Migrating off OpenAI Assistants: a multi-tenant retrospective
And what changes when user state has to come home
I’ve built searchmydocs.ai’s retrieval layer twice and I’m about to do it a third time. The third one isn’t my choice. OpenAI is sunsetting the Assistants API on August 26, 2026, and the multi-tenant patterns I built on it don’t survive the move without rework.
searchmydocs.ai is a doc Q&A app where users upload their files and chat with them. First I built a custom RAG pipeline on Supabase. Then I ditched it for the Assistants API, which worked well for a year. Now I’m migrating to Responses + Conversations. This post is about what shipping multi-tenant on Assistants actually cost me, and what changes when the persistent Assistant object goes away.
The first migration: custom RAG to Assistants API
I started with Supabase’s RAG tutorial for markdown. The plan was to implement that and then extend it with PDF support. The stack was straightforward: pgvector as the vector database, gte-small as the embedding model, running locally inside an edge function on Deno. It worked well for small markdown files. As files got larger I started hitting CPU timeouts on the free tier, and large documents would silently fail mid-embedding.
The bigger problem was that most people want to chat with PDFs, not markdown. PDF parsing is its own deep problem and I didn’t want to take on the scope creep. PDF heterogeneity is brutal: resumes look nothing like SEC quarterly reports, which are full of tables, numerical figures, and embedded images. I outsourced parsing to Azure AI Document Intelligence, which takes a PDF as input and returns markdown. By the time that was wired up, what started as a weekend RAG tutorial had quietly turned into a multi-service retrieval pipeline I was now responsible for maintaining.
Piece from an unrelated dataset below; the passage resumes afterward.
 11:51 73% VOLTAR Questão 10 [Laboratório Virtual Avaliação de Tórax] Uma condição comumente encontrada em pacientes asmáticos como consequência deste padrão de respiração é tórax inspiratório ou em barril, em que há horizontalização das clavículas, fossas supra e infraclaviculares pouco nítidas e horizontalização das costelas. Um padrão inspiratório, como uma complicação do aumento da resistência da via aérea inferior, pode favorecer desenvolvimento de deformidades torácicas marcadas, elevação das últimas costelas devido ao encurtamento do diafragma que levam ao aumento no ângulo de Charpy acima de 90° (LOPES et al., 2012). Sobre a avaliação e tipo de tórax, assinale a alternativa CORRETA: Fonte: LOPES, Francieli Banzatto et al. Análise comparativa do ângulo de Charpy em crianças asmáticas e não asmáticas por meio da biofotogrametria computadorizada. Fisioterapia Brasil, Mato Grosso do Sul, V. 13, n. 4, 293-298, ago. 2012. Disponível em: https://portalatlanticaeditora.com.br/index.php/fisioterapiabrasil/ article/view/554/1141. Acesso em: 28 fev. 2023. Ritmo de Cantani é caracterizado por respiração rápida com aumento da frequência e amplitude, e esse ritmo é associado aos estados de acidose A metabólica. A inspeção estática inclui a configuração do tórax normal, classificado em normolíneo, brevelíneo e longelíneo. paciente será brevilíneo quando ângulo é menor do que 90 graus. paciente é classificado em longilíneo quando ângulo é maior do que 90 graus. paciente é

After all of that, I didn't want to keep maintaining a RAG pipeline for what was supposed to be a document Q&A app. I needed a solution that handled the problem for me, and that's when I learned about the Assistants API. The model was clean: upload Files, create a Vector Store that handles chunking and embedding for you, and attach it to an Assistant configured with a system prompt and the file_search tool. Threads and citations came built in. I traded control over the retrieval layer for not having to babysit it. In early 2025, that looked like a great trade.
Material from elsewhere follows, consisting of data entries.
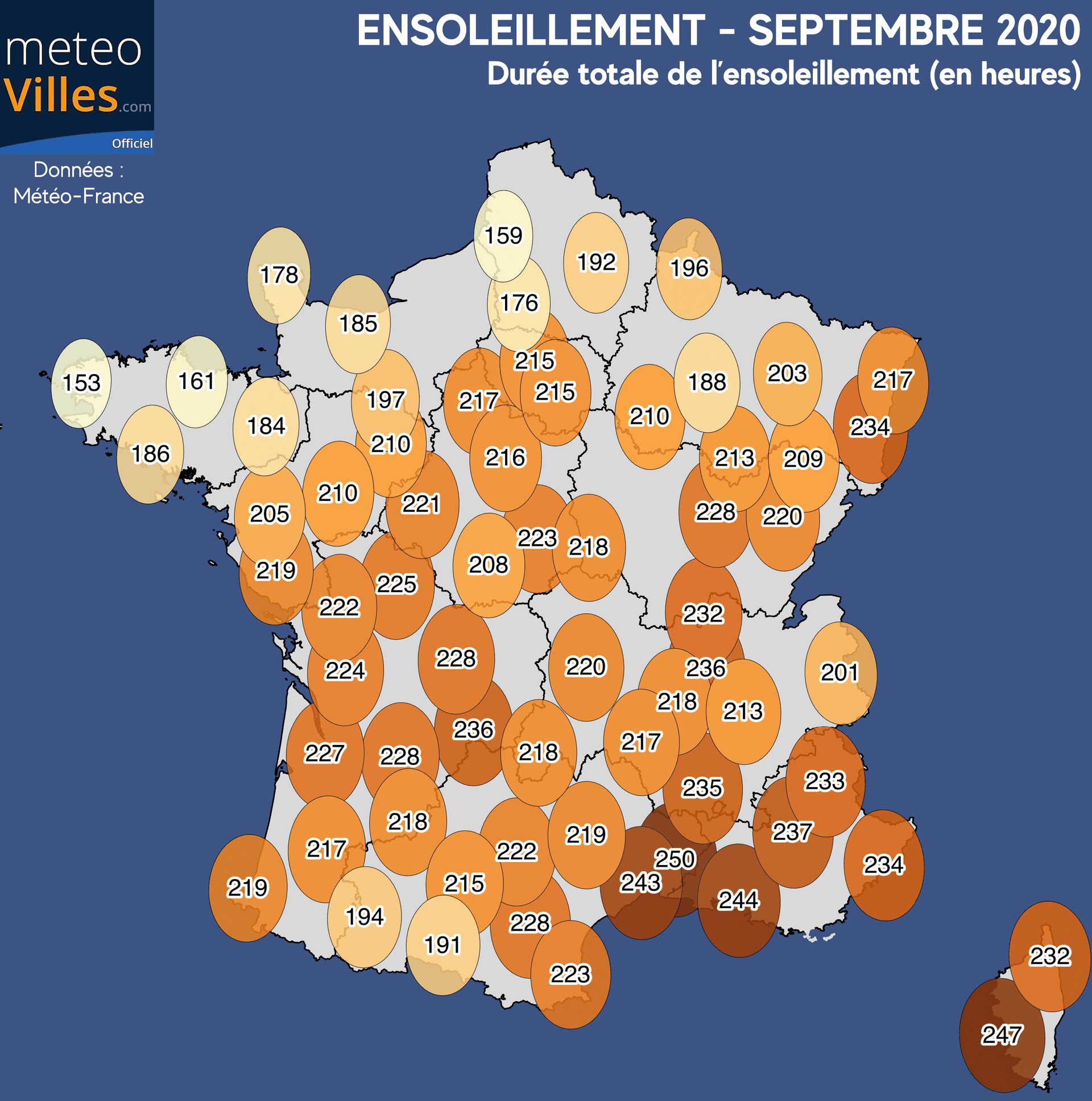 Comme à chaque début de mois, nous vous proposons un bilan climatologique du mois écoulé. Place donc au bilan cartographié du mois de SEPTEMBRE 2020 en terme de température, pluviométrie et ensoleillement sur un panel de 73 stations*.
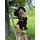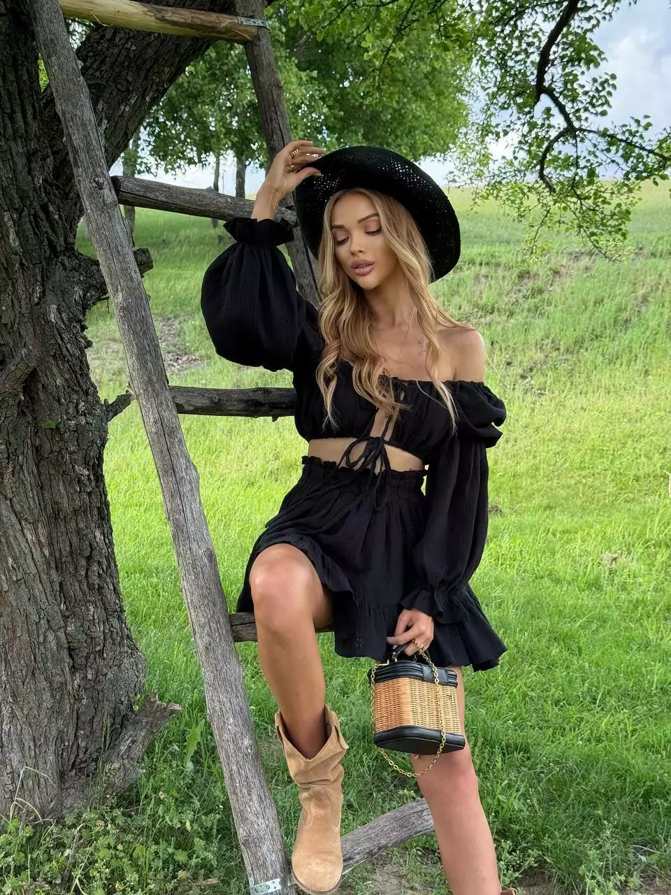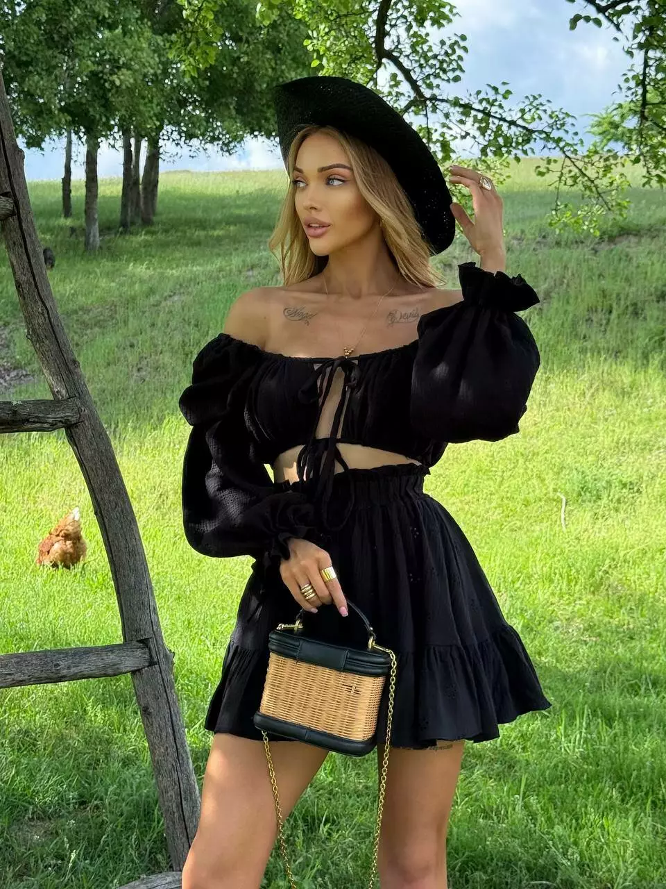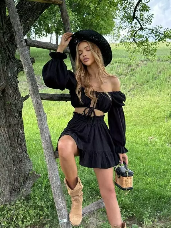 Трендовий костюм з міні та ліфом Міні-Спідниця зі зборкою по низу Ліф -топ, на завʼязках які регулюються, та обʼємними рукавами. Тканина : 100% бавовна ( прошва) Колір: чорний Розмір : xs/m
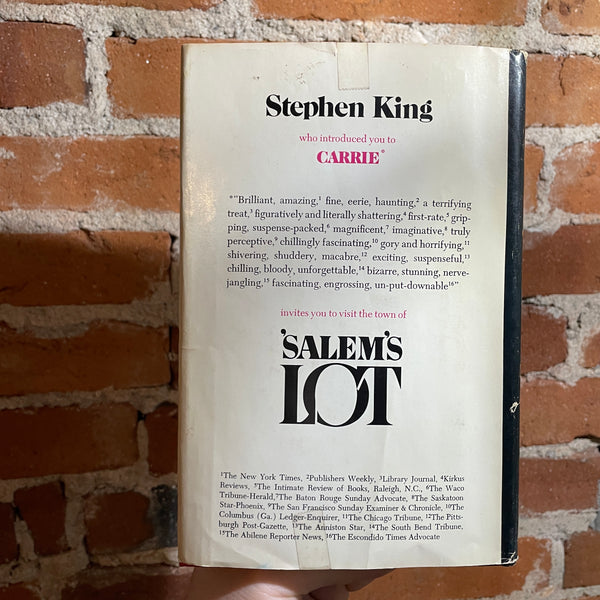 Blurb: “Stephen King's second novel,'Salem's Lot, is the story of a mundane town under siege from the forces of darkness. Considered one of the most terrifying vampire novels ever written, it cunningly probes the shadows of the human heart -- and the insular evils of small-town America.”
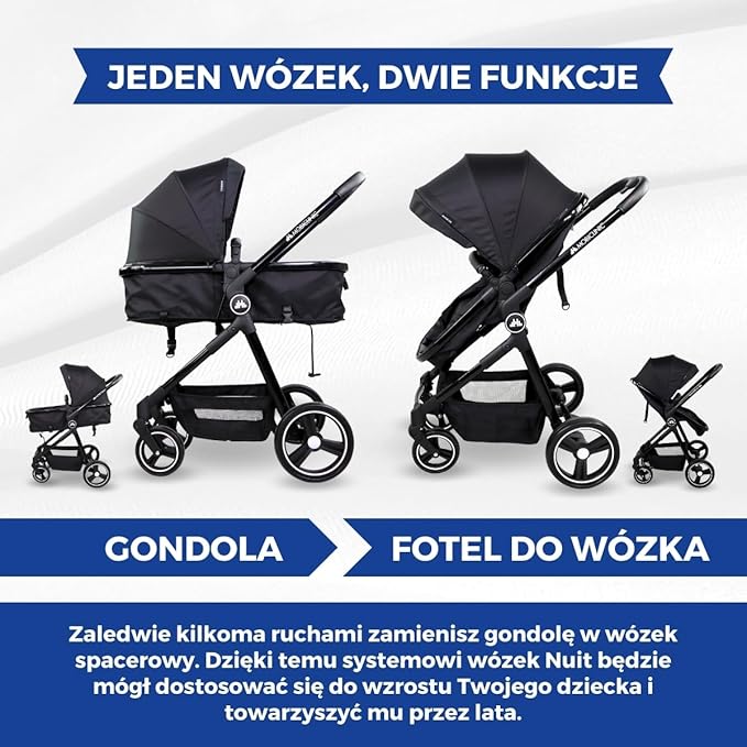 DESIGN 2 W 1 I PRAKTYCZNE AKCESORIA: Wózek dziecięcy , dzięki swojemu projektowi ewolucyjnemu 2 w 1, przekształca się z gondoli na wózek, zapewniając komfort we wszystkich etapach wzrostu dziecka i obsługując do 22 kg
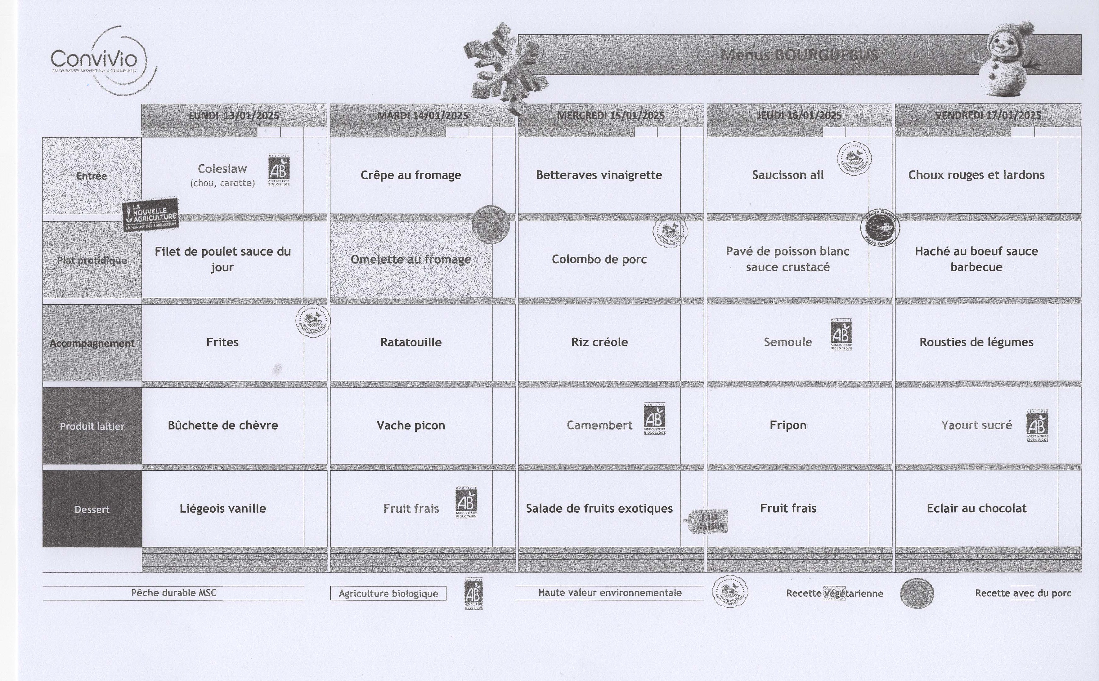 Menu du 13 au 17 janvier restauration scolaire et mercredi loisirs

A year of not thinking about retrieval
Assistants were easy to use. Uploading and chunking were reliable. File_search worked: I’d ask a question of an uploaded document and the assistant found the right context most of the time. For a default RAG implementation, the Assistants API was the best starting point I’d seen. The retrieval was good enough that I stopped thinking about it as a problem. For about a year, that was the whole story. I shipped features. Users uploaded their files and got answers. The trade I made, control for velocity, was working exactly as I’d hoped.
The deprecation
On August 26, 2025, OpenAI announced the deprecation of the Assistants API in favor of the newer Responses API. The sunset date is exactly one year later: August 26, 2026. My first reaction was “not again.” This wasn’t a bug fix or a small API change. OpenAI was moving to a different mental model entirely: Responses for execution, Conversations for conversation state, and Prompts (managed in the dashboard) for configuration. The retrieval pipeline I had stopped thinking about was now back on my plate. I hadn’t chosen to migrate. I’d been assigned one.
Where state lives
With searchmydocs.ai I used a multi-tenant architecture. Each user could create their own Assistant configured with a custom prompt and attach or detach their own vector stores. In the new model, Prompts live in the dashboard, not per user. There’s no programmatic way to create them per user. The workaround is to store each user’s prompt in my own database and pass it as the instructions parameter on every Responses call. That works, but it means moving state from OpenAI’s side back onto mine. The persistent Assistant object I’d been relying on is gone.
I will be writing the migration code over the next few months. Most of the work will be locating all the state that used to live in OpenAI's Assistant object and giving it a new home in my database. The persistent Assistant object made it easy to forget that user-specific config (prompts, vector store attachments, conversation context) was living on OpenAI's side. When the abstraction goes away, all of that has to come home.
One thing did get easier. In the old pattern, you updated the Assistant object whenever you wanted to change vector stores. In the new pattern, you pass vector store IDs per request. Rotation goes from an Assistant update call to a function argument.